Echoing her, Chatterjee, the ruling party’s winner from Behala Purba, said the TMC boss, being a woman, identifies with the problems faced by the state’s women electorate.
“She is a self-made leader, and would want every woman in the state to become self-reliant, too. The TMC has floated several schemes with an eye on improving living standards of women, prioritised their health and education. As an MLA, I would also strive to uplift the condition of women in my constituency,” Chatterjee said.
Women’s issues have been a rallying point for both the TMC and its bitter opponent, the BJP, ahead of the elections, with the Mamata Banerjee camp underscoring its welfare schemes such as Swasthya Sathi and Kanyashree, and the saffron party harping on the Centres Ujjwala Yojana.

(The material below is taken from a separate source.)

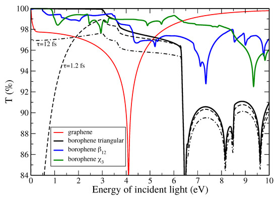 The synthesis of monolayers of boron atoms, so-called borophene, has been reported in 2015–2016 [62,63] showing a rich structural polytype. In particular three important structures have been reported, including a buckled triangular lattice and two flat layers named and (Figure 4a). These three borophene layers are (semi-)metallic as clearly shown by their electronic bandstructure and density of states (Figure 4b). Nevertheless and interestingly, the buckled triangular borophene layer displays a zero optical conductivity up to 3 eV (Figure 4c) and, hence, absorbs light only in the UV range or for higher photon energy (with a strong anisotropic character between and ) [59]. In contrast, and borophene layers absorb light in the visible range starting from ∼0.5 and ∼1.0 eV, respectively, with a value varying between and . For comparison, graphene exhibits a value slowly increasing from up to roughly at the end of the visible range. This value of for graphene corresponds to the well-known absorbance of % of light, which gives, with reflectance being nearly zero (∼0.05%), the high transmittance displayed in Figure 5. Again, buckled triangular borophene is fully transparent in this visible region neglecting the Drude corrections which, depending on the scattering time , can give rise, at most, to a decrease of transmittance down to 96% in the visible range, i.e., comparable to graphene.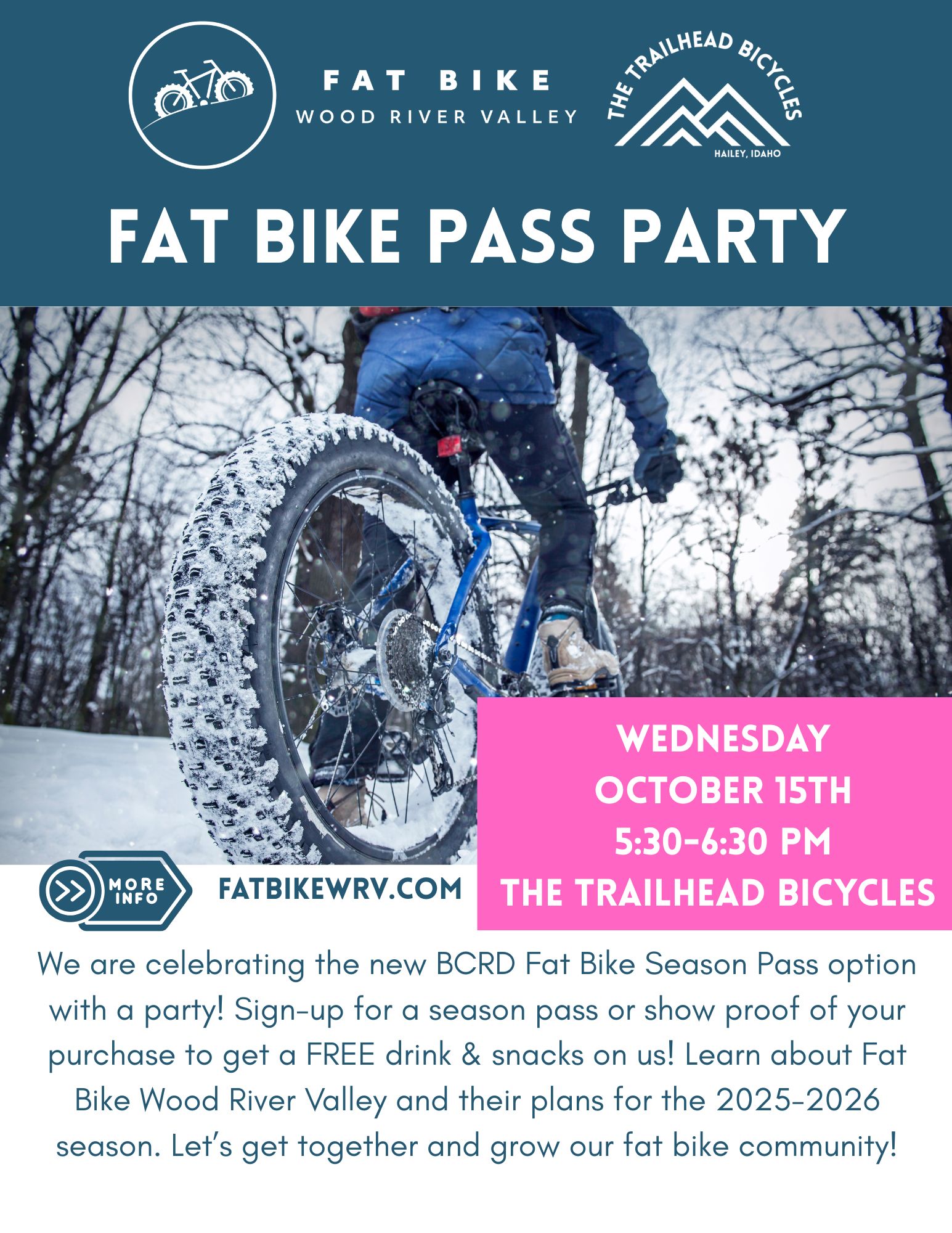 Come to The Trailhead Bicycles for a one-hour social gathering to celebrate the launch of the very first Fat Bike Trail Pass from the Blaine County Recreation District (BCRD). This is your chance to be part of history – help us kick off a new era of winter fat biking in the Wood River Valley by grabbing your Fat Bike Trail Pass at the party!

“If one woman can show the resolve to fight all- powerful politicians from Delhi on her own, why should the women electorate not take inspiration and be a part of her battle? “Her women nominees deserved every single vote the mothers, daughters and sisters of Bengal gave them,” said Sabita Halder, who exercised her franchise from the Dum Dum Uttar constituency.
“As a woman, I felt ashamed at Dilip Ghosh’s (Bengal BJP chief) ‘Bermuda’ jibe at Mamata. PM Narendra Modi’s sarcastic ‘Didi o didi’ tone for her was also completely unwarranted. I am sure other women voters, too, took umbrage at such discourse,” Seema Pramanik, a PhD engaged in research work, who voted from the Sonarpur Dakshin constituency, said.
A video clip of Ghosh apparently suggesting Mamata Banerjee should wear Bermuda shorts to display her injured leg had triggered controversy and outrage back in March.
According to political analyst Udayan Banerjee, BJP’s aggressive election machinery did work to an extent, and the party managed to pocket some of the prized seats in the state.
What, however, went against the saffron camp were the barbs its leaders aimed at Banerjee, some of which were in poor taste, he said.
“The bermuda taunt did not go down well with women voters, who have in large numbers voted for Banerjee and her party. Modi also received flak from several quarters for her ‘Didi o didi’ exclamation in his election speeches. Goes without saying, Bengal did not take kindly to those jibes,” Banerjee added.
The BJP had also tried to curry favour with Muslim women by patting itself on the back for the initiative to abolish instant triple talaq – branding the move as a step taken towards emancipating them from the clutches of dogmatic practices.
Asked about the saffron partys persistent claims that women were unsafe in Bengal, Chatterjee — who trounced BJPs Payal Sarkar by 37,428 votes — stated, “Bengal has never experienced a Hathras-like episode, and hopefully it never will.
“BJP should first check crimes against women in Uttar Pradesh and Delhi before pointing fingers at our state. Women in Bengal are safer than in most other places in the country.”
A senior BJP leader, who did not wish to be named, claimed that lack of a chief ministerial face or an aggressive woman leader to fight Banerjee has also been a major drawback for his party.